Sunday, March 21, 2010

Crises and Blessings

I once heard someone say that life-change can only occur as the result of a crisis. I don’t remember the argument or the supporting evidence, but it sounded and felt like truth so I believed it . And maybe I still do.
A couple of weeks ago everyone in our church was challenged to begin daily readings and exercises in a book titled "One Month to Live, thirty days to a no-regrets life". The point of this book is to discover how you would live differently if you knew you had only one month left to live, and to make the indicated changes.
At first I rejected the idea of the book completely. “You can’t pretend to have a crisis or imagine what a crisis would feel like,” was the argument that I presented to my imaginary antagonist, “that would be too easy.”

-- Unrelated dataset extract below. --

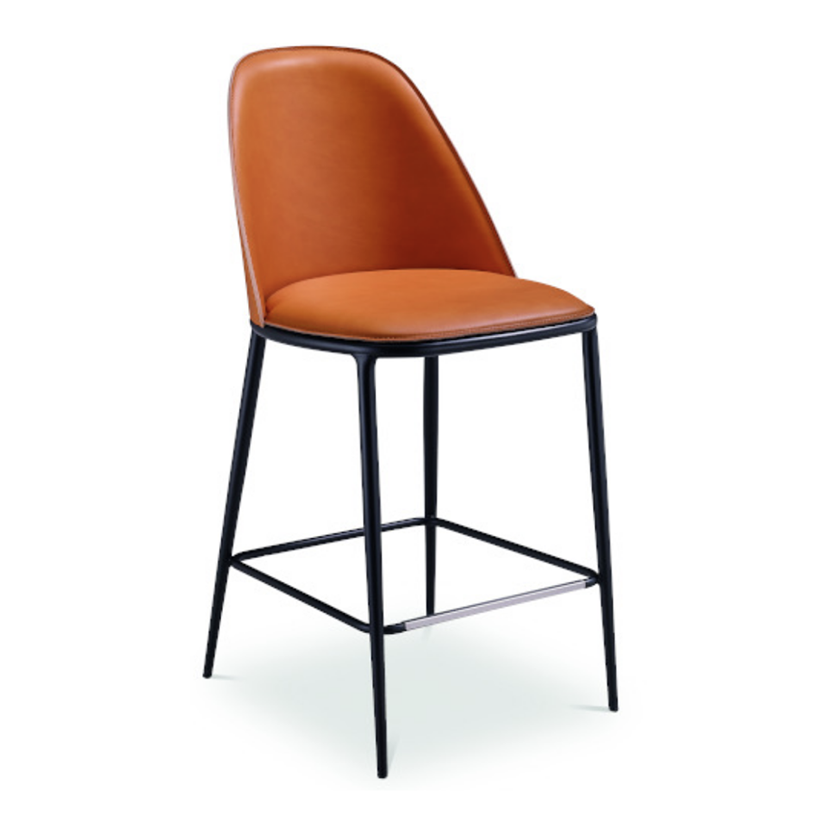 Sgabello con base a quattro gambe in acciaio o con base girevole e regolabile in altezza in metallo. Sedile e schienale rivestito in cuoio o cuoio toscano.

My opponent in this debate made several very compelling arguments that I was forced to consider objectively. “But every Bible story I can think of from Adam and Eve, to Abraham and Sarah, to Christ in Gethsemane is about a crisis!”, I countered, “there’s never an easy path to a significant result.” “Nothing is impossible with God” was the trump card that he played to end each successive round of our dispute.
I was walking home for lunch one day recently, arguing both sides of my debate and making no progress at all. The noon-time sun, shining through the leafless treetops caused me to shed my heavy coat. I instantly thought of Aesops Fable: The Contest between the Sun and the Wind. And that made me think of how gradually and gracefully the seasons change. And it wasn’t a crisis that persuaded me to shed that heavy coat, but a blessing.
Maybe I should read the rest of the book.